JK Rowling experienced depression in 1994, during a time she was struggling to make ends meet for herself and her infant daughter. Her experience with depression made a lasting impact on her and inspired the Dementors that first appear in Prisoner of Azkaban. On depression, Rowling said, "It is that absence of being able to envisage that you will ever be cheerful again. The absence of hope. That very deadened feeling, which is so very different from feeling sad."“I have never been remotely ashamed of having been depressed. Never,” she said in an interview with Adeel Amini, 22, for a student magazine at Edinburgh University. “What’s to be ashamed of? I went through a really rough time and I am quite proud that I got out of that.”
Rowling says that she probably experienced depression as a college student but didn't know how to recognize it's symptoms. Talking with Adeel Amini about the rise in the numbers of university students with depression, Rowling said:
"I definitely had leanings towards depression from an early age but it's an extremely hard condition to recognize in yourself.

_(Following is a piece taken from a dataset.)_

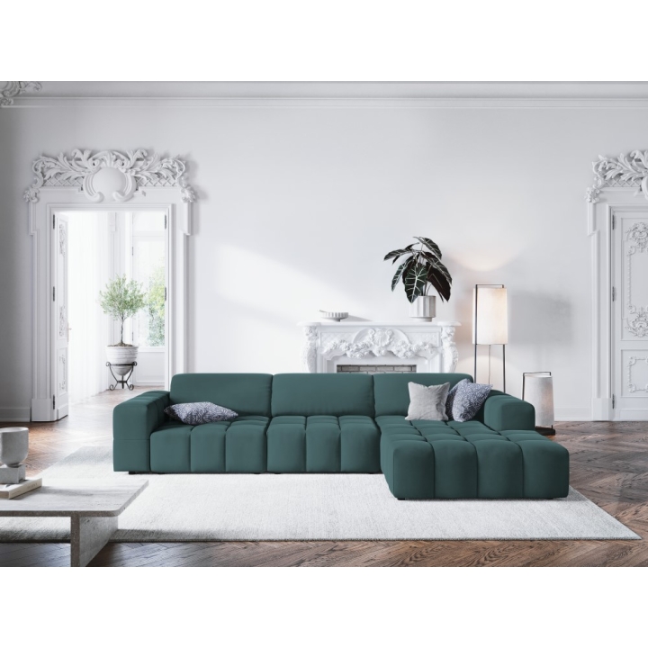The Luc 4-seater corner sofa from Christian Lacroix is a unique piece of furniture designed to provide comfort for four people, creating a spacious and comfortable relaxation area. Its thoughtful design guarantees just the right amount of space, allowing it to be used comfortably by the whole family or a group of guests. Made from a unique velvet fabric and available in a variety of upholstery colours, it allows you to tailor it to your individual preferences. There is a choice of right- or left-sided versions, making it ideal for blending into different spatial layouts.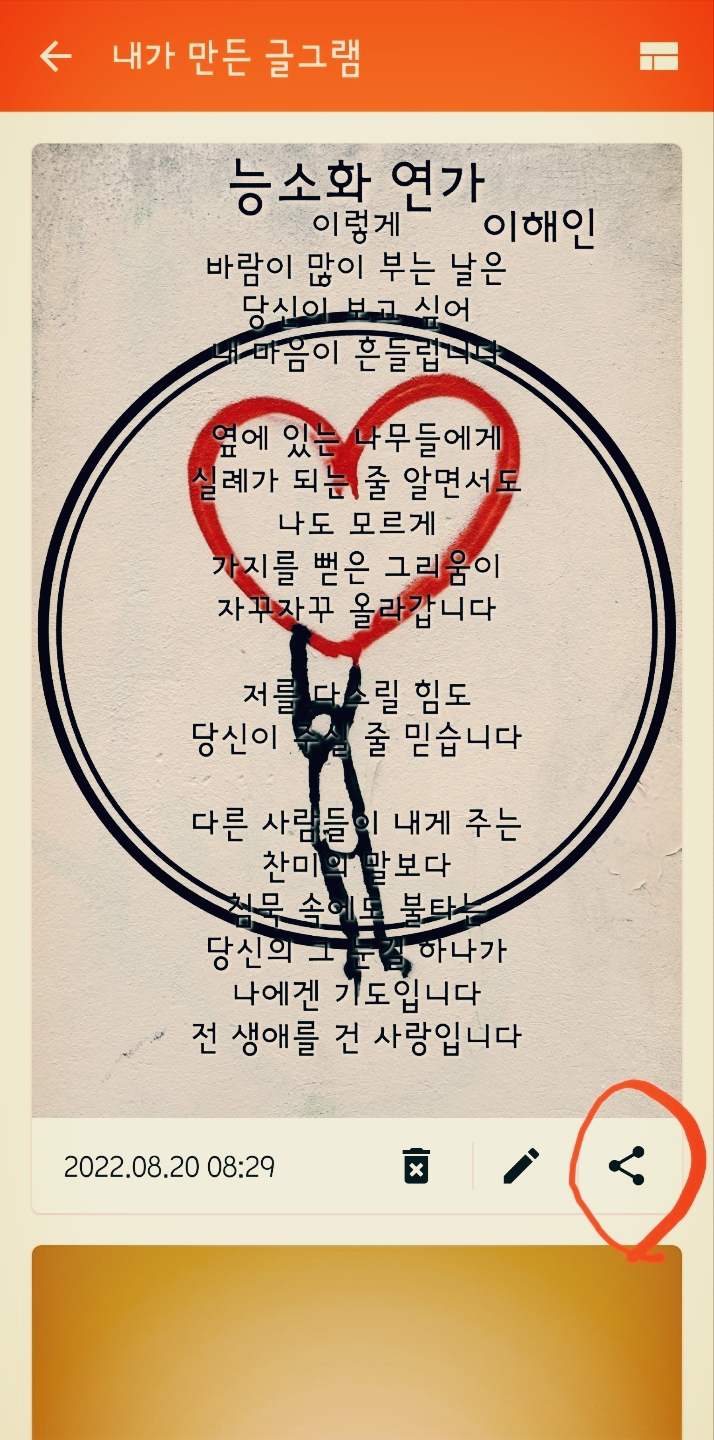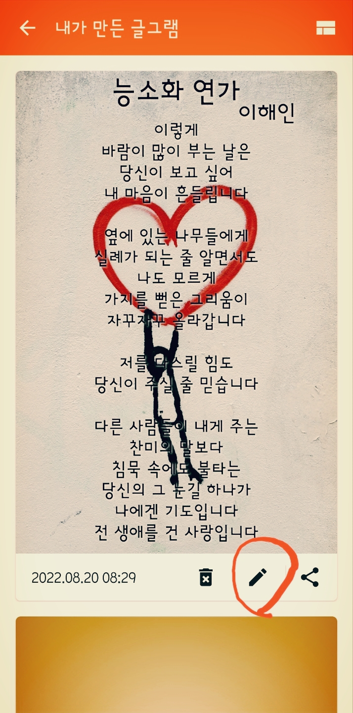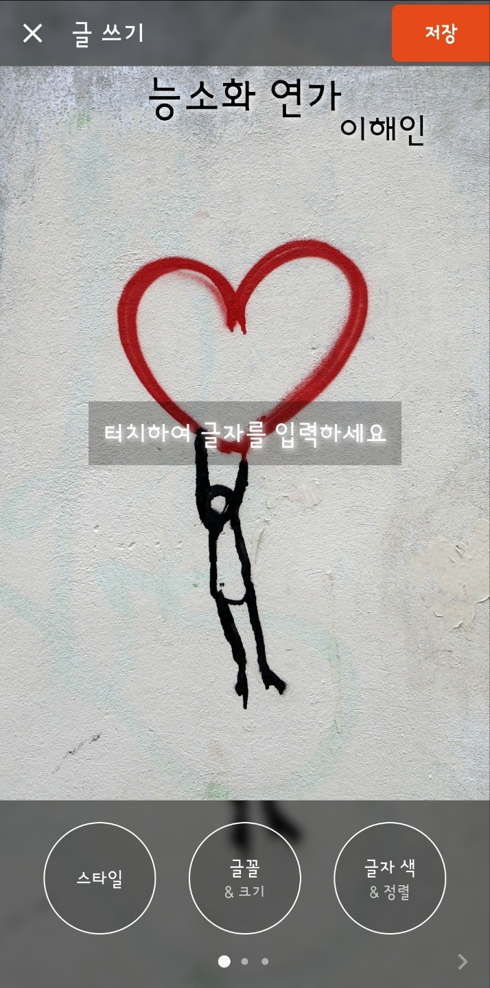 만들어진 결과물은'내가 만든 글 그램'을 통해 '재활용' 할 수 있습니다. 불러낸 이미지를 '편집'을 거쳐 가공합니다. 저는 스타일을 바꿨습니다.

What's sad in a way is that the thing that made me go for help, the thing that made me face that this was not a normal state that I was in, was probably my daughter, and a lot of people your age, very young adults would not have that. She was like a touchstone in a sense, she was something that earthed me, grounded me, and I thought 'This isn't right, this can't be right, she can not grow up with me in this state."

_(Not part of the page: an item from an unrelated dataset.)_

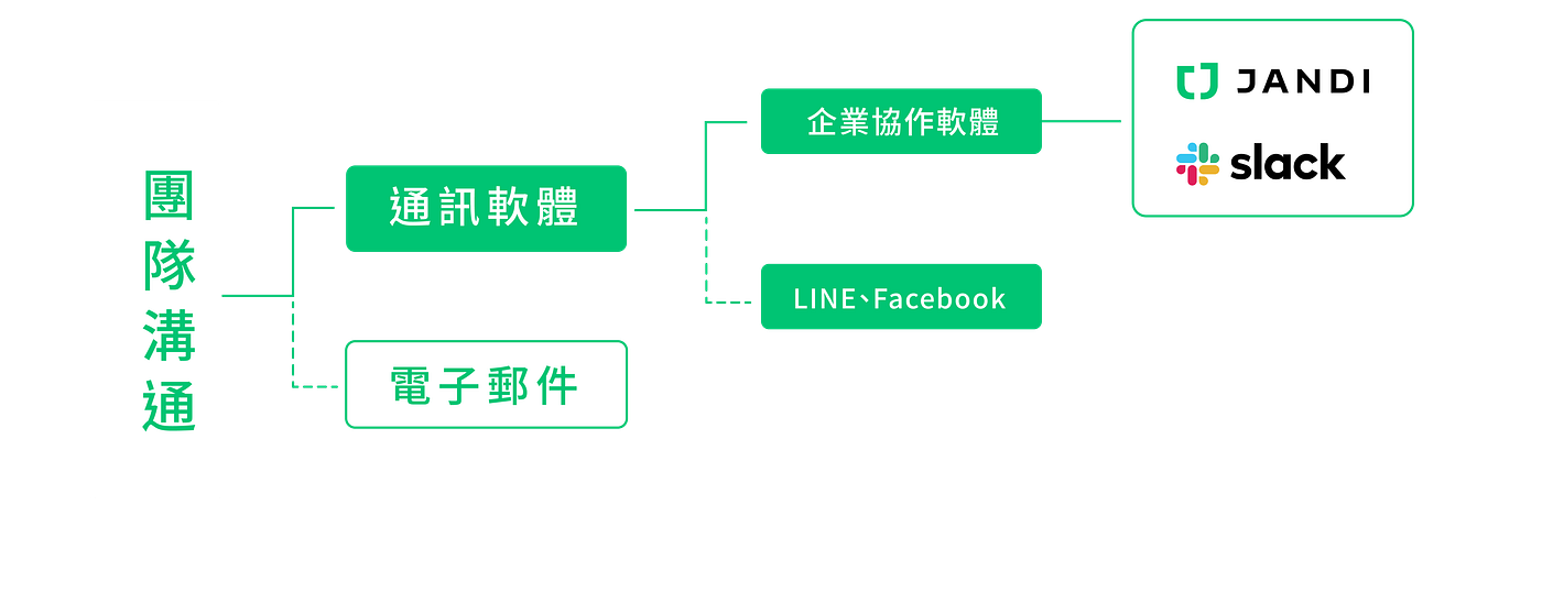 所以基於人們更方便地溝通,大眾/私人通訊軟體出現了(臉書 Messenger 或 LINE),然而這些軟體原先的設計,就不是作為工作協作用的。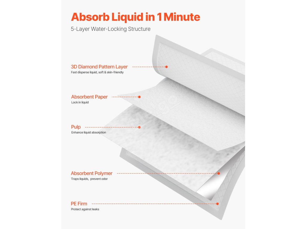 Udržujte se v suchu a pohodlí s našimi jednorázovými podložkami o rozměrech 30" x 36". Tyto podložky na lůžko s pětivrstvou ochrannou strukturou jsou extrémně savé, rychle zadržují tekutiny a udržují lůžka, pohovky a matrace v suchu. Jsou ideální pro děti, starší osoby, dospělé a domácí zvířata - stačí je použít a zlikvidovat pro snadné čištění.

Like many depression survivors, getting help was not as easy as walking into her doctor's office. Rowling said her usual GP was away, and the replacement doctor sent her away. “She said, ‘If you ever feel a bit low, come and speak to the practice nurse’ and dismissed me.”
Rowling notes, “We’re talking suicidal thoughts here, we’re not talking ‘I’m a little bit miserable’.Two weeks later she had a phone call from her regular GP who had looked back over the notes. She called Rowling back in for counseling. “She absolutely saved me because I don’t think I would have had the guts to go and do it twice.”

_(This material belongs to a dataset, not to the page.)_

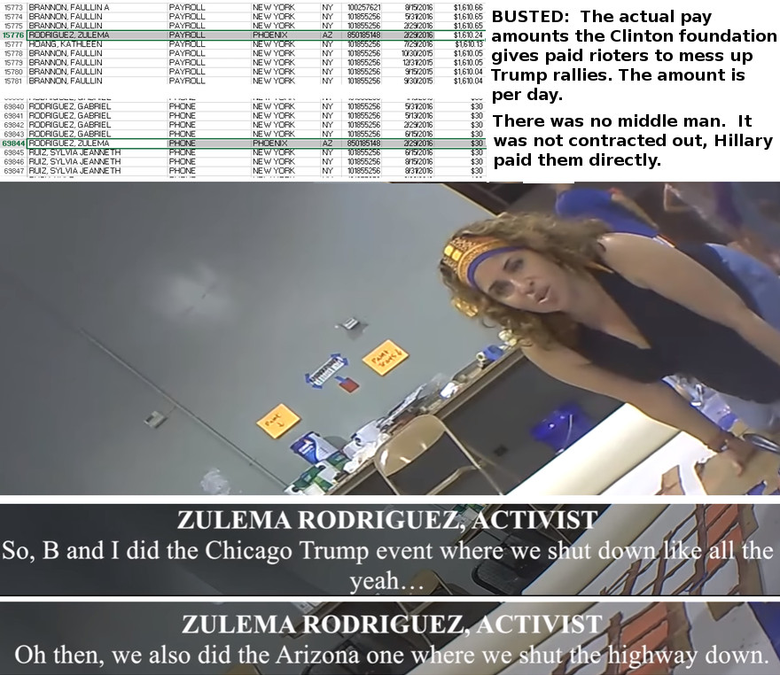 Zuelma Rodriguez has been found on Hillary's payroll. Paid rioters make pretty good money. I do not have time to dig deeper right now but will post this, and a link to the Reddit it appeared on for now. Obviously this should kill Hillary in a single shot, because she paid the rioters and was therefore responsible for everything they did. REVELATION: Now we know where some of that money that was supposed to go to Haiti earthquake relief went!

What would Rowling's life have been like if she didn't seek help for her depression? Would she have had the energy and concentration necessary to write the Harry Potter books? We can not know because we can't rewrite someone's biography. But we can certainly say that she was brave and courageous to seek help, and those same qualities are reflected in the Harry Potter characters she gave to the world, the same characters so many have come to love.